** WHAT IS EXPECTED **
What should you transcribe? Every line from the top of the records below through the line with "SHARDON Men's 8mm", exactly, and no pictures.

** INFORMATION SHOWN **
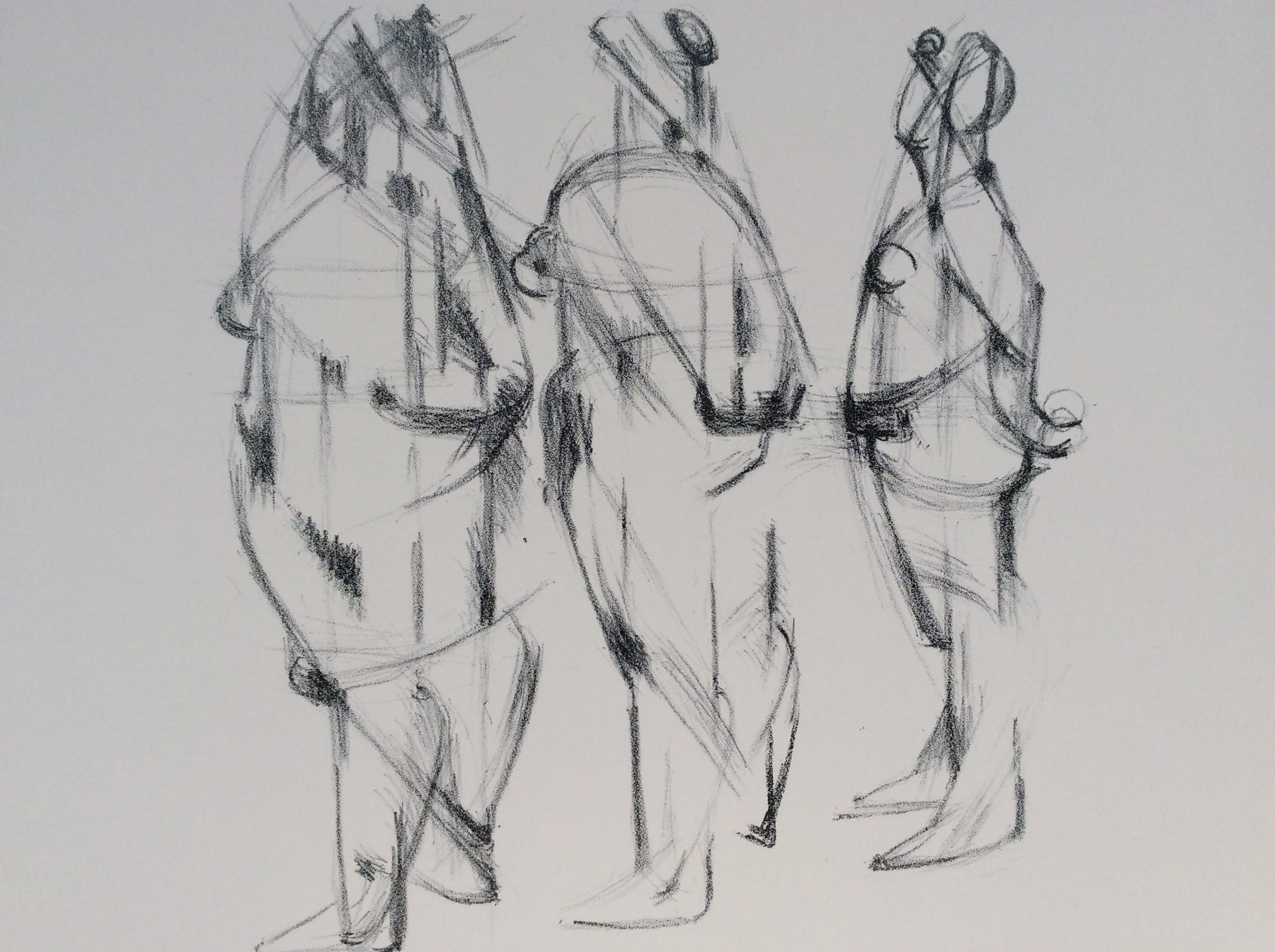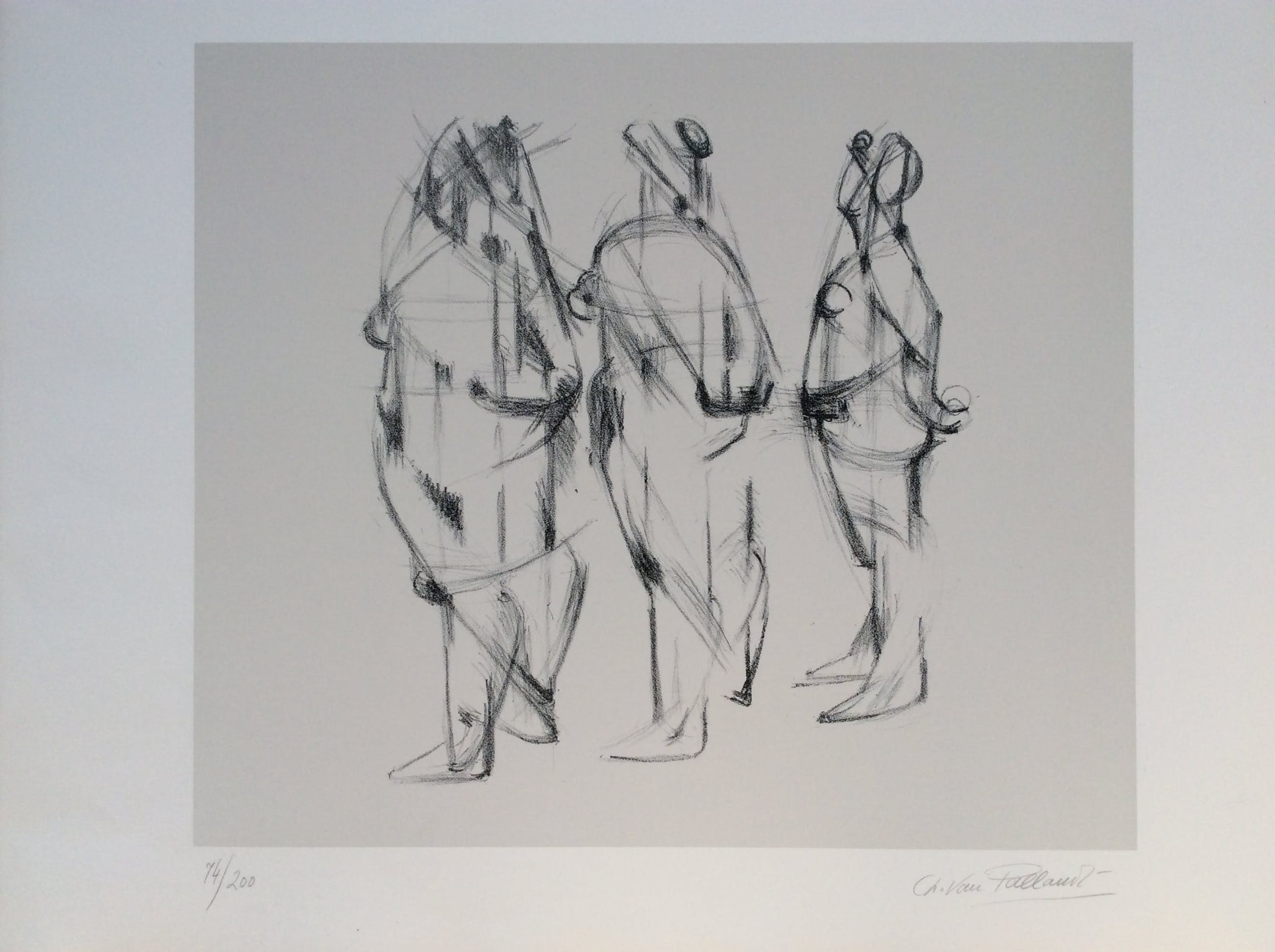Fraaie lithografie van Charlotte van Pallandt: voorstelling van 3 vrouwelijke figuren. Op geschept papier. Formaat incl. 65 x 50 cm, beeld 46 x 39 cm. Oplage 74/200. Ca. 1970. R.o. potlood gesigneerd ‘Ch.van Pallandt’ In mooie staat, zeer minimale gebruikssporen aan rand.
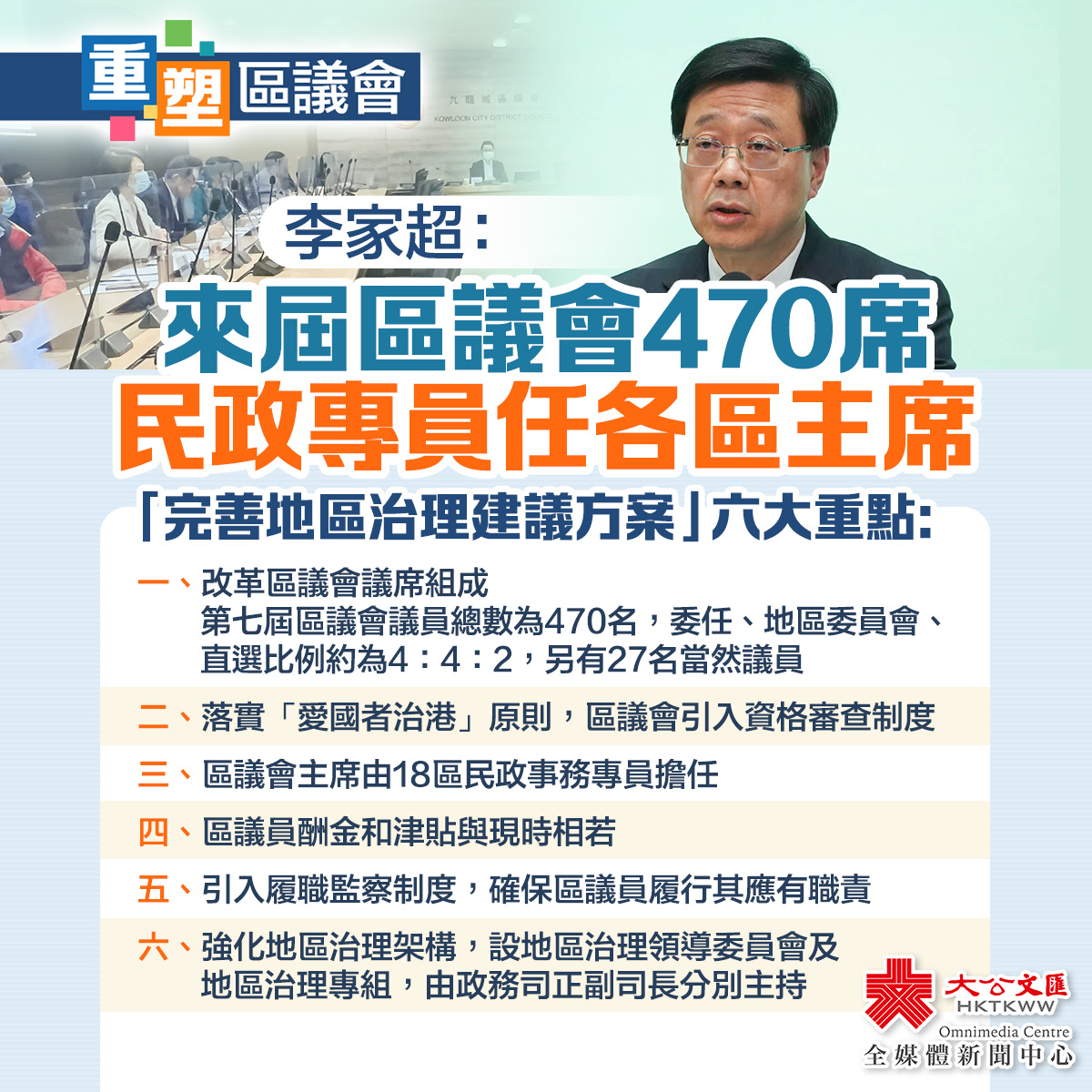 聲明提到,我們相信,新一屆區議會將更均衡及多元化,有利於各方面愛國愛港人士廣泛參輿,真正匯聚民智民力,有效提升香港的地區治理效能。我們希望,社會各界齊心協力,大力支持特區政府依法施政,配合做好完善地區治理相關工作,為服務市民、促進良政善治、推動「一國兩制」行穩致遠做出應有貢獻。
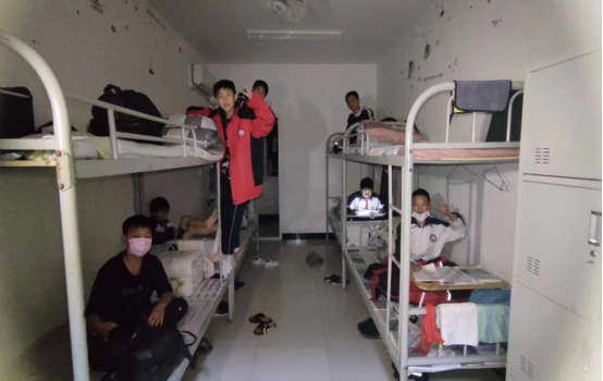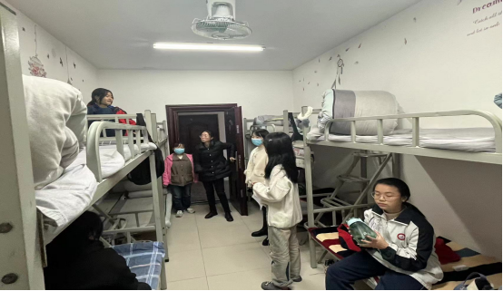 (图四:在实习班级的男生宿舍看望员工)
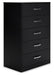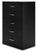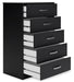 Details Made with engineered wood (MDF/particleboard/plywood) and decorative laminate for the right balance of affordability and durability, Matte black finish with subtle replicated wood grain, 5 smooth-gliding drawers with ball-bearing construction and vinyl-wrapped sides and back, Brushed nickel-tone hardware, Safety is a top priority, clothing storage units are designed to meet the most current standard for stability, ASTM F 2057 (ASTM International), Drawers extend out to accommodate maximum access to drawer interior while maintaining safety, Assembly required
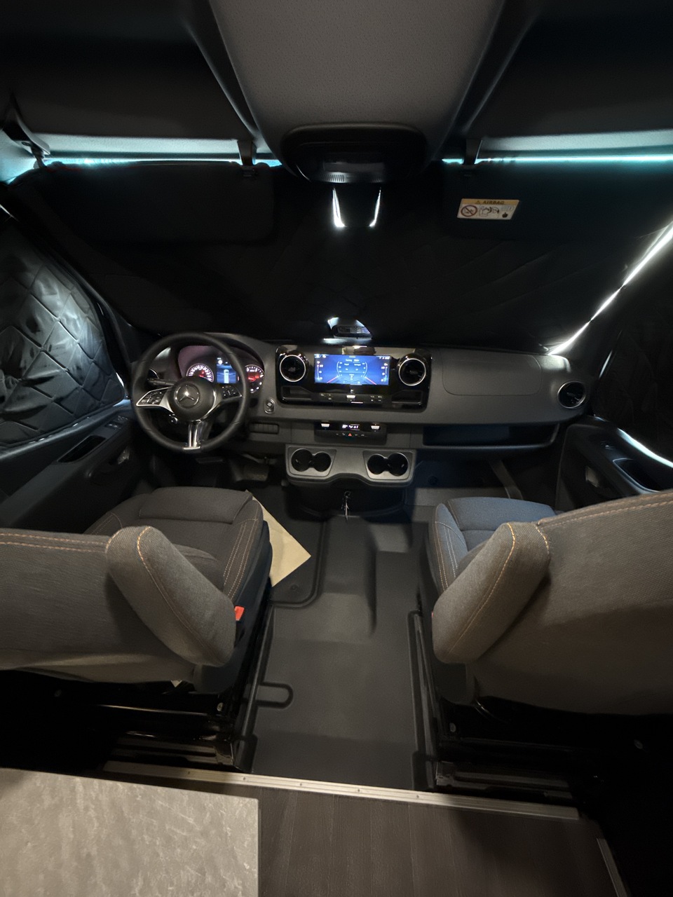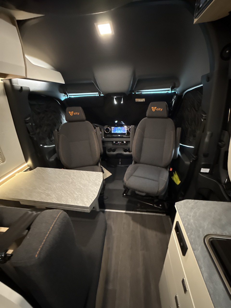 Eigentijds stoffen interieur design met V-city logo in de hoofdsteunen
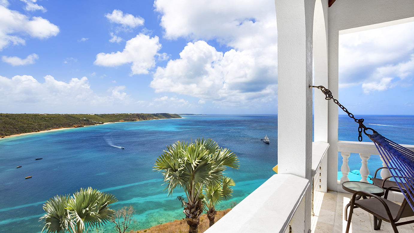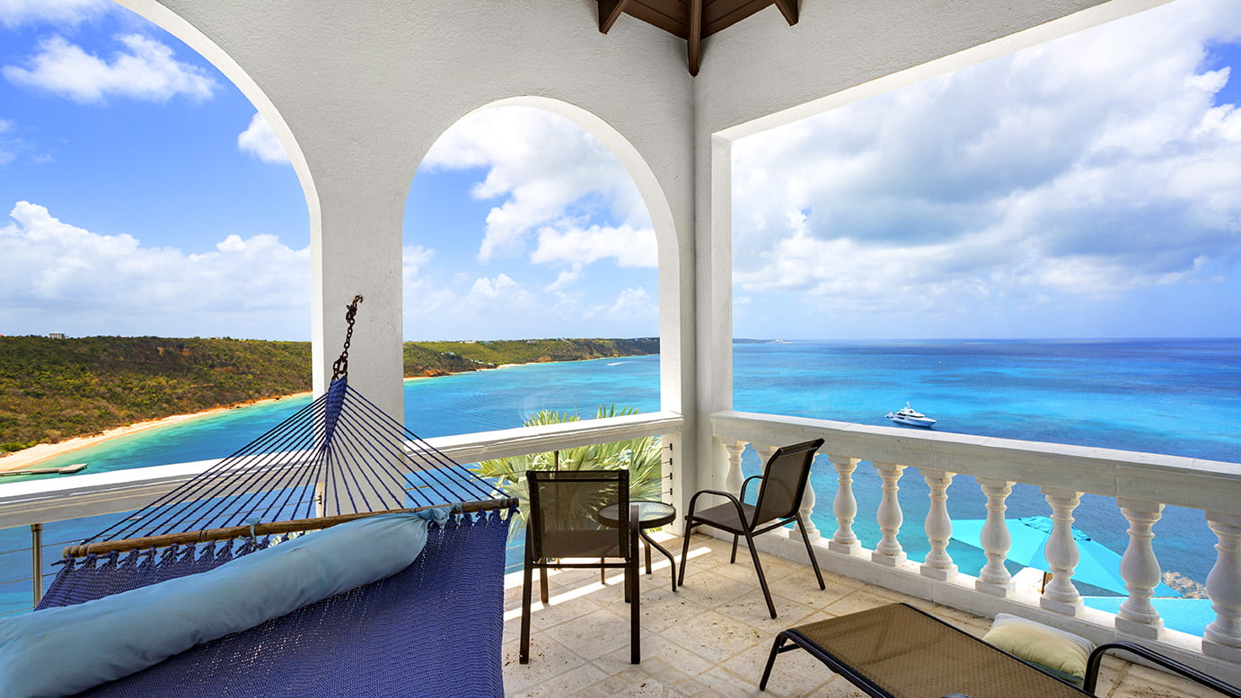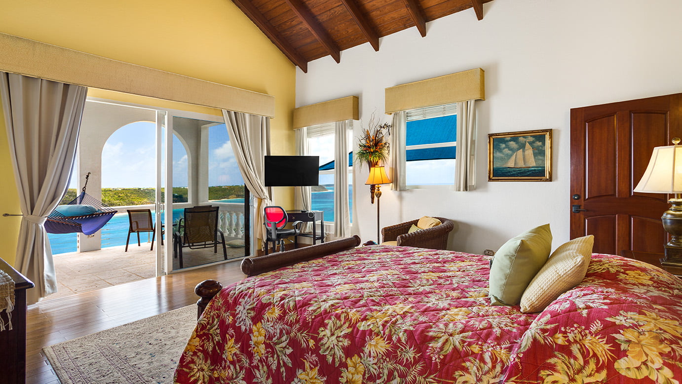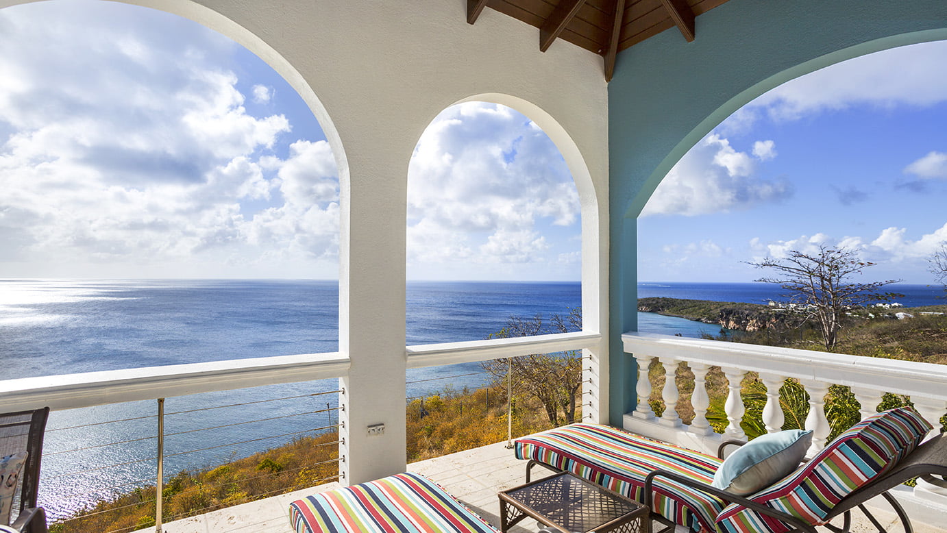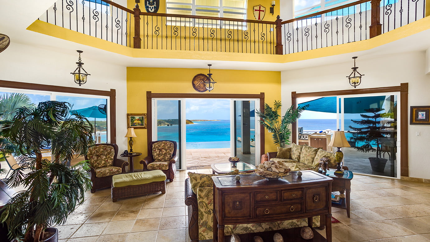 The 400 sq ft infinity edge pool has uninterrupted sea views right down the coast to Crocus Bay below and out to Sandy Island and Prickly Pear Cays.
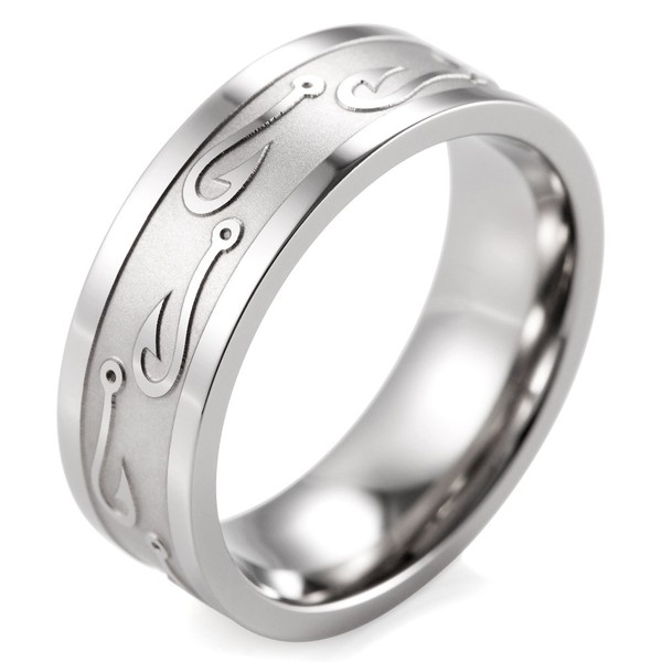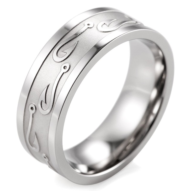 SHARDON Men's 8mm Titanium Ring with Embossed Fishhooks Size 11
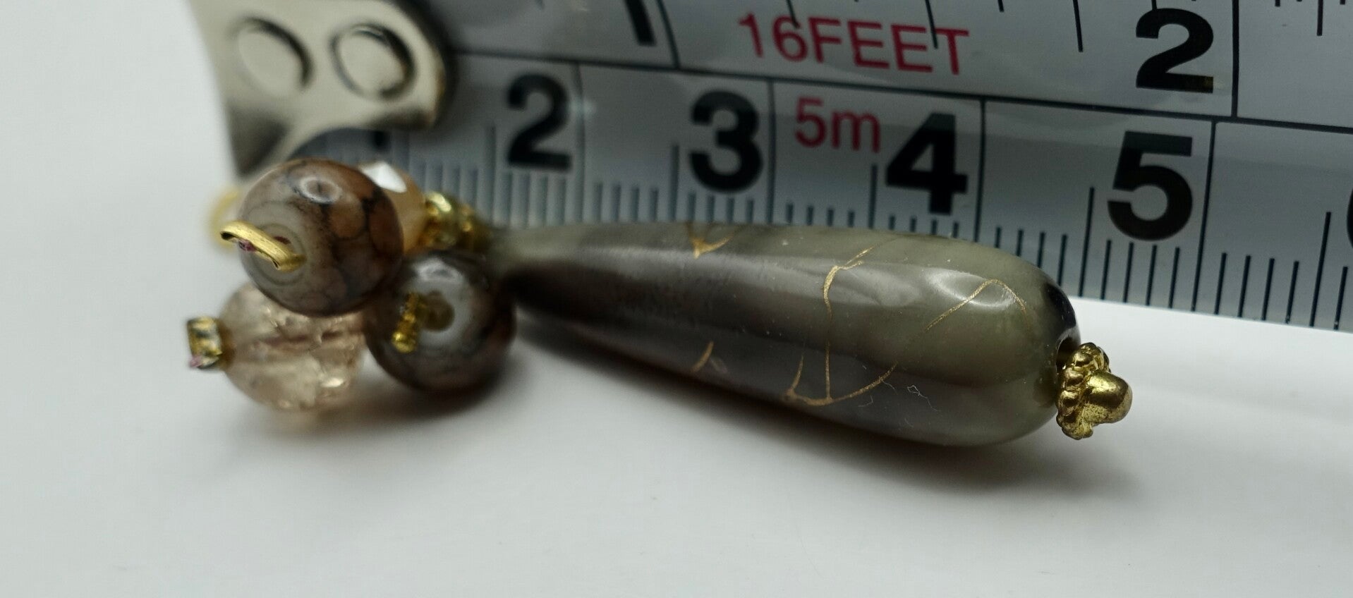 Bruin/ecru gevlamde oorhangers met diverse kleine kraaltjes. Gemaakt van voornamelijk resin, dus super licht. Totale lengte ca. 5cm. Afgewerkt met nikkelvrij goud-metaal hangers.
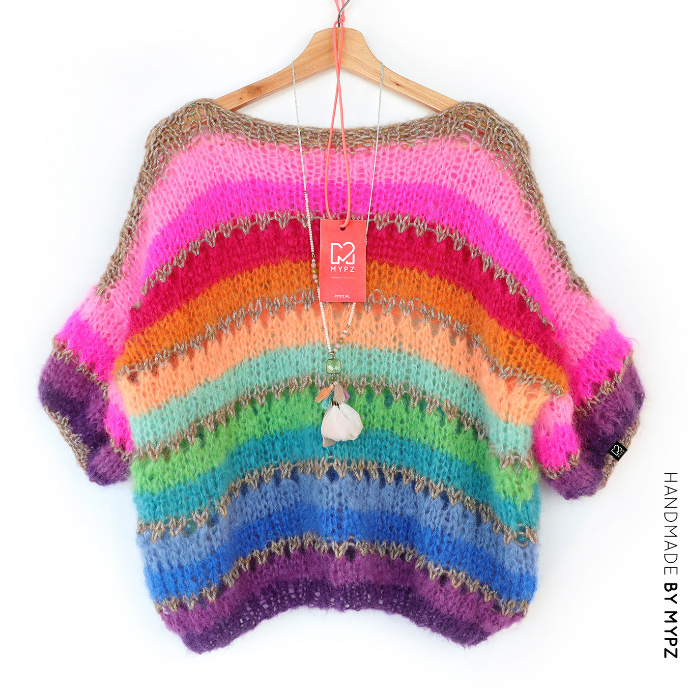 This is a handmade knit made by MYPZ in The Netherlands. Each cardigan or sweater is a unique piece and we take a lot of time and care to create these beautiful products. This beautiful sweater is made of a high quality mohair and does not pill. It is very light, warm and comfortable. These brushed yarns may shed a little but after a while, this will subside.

** RESULT FOR THIS TASK **
Fraaie lithografie van Charlotte van Pallandt: voorstelling van 3 vrouwelijke figuren. Op geschept papier. Formaat incl. 65 x 50 cm, beeld 46 x 39 cm. Oplage 74/200. Ca. 1970. R.o. potlood gesigneerd ‘Ch.van Pallandt’ In mooie staat, zeer minimale gebruikssporen aan rand.
 聲明提到,我們相信,新一屆區議會將更均衡及多元化,有利於各方面愛國愛港人士廣泛參輿,真正匯聚民智民力,有效提升香港的地區治理效能。我們希望,社會各界齊心協力,大力支持特區政府依法施政,配合做好完善地區治理相關工作,為服務市民、促進良政善治、推動「一國兩制」行穩致遠做出應有貢獻。
 (图四:在实习班级的男生宿舍看望员工)
 Details Made with engineered wood (MDF/particleboard/plywood) and decorative laminate for the right balance of affordability and durability, Matte black finish with subtle replicated wood grain, 5 smooth-gliding drawers with ball-bearing construction and vinyl-wrapped sides and back, Brushed nickel-tone hardware, Safety is a top priority, clothing storage units are designed to meet the most current standard for stability, ASTM F 2057 (ASTM International), Drawers extend out to accommodate maximum access to drawer interior while maintaining safety, Assembly required
 Eigentijds stoffen interieur design met V-city logo in de hoofdsteunen
 The 400 sq ft infinity edge pool has uninterrupted sea views right down the coast to Crocus Bay below and out to Sandy Island and Prickly Pear Cays.
 SHARDON Men's 8mm Titanium Ring with Embossed Fishhooks Size 11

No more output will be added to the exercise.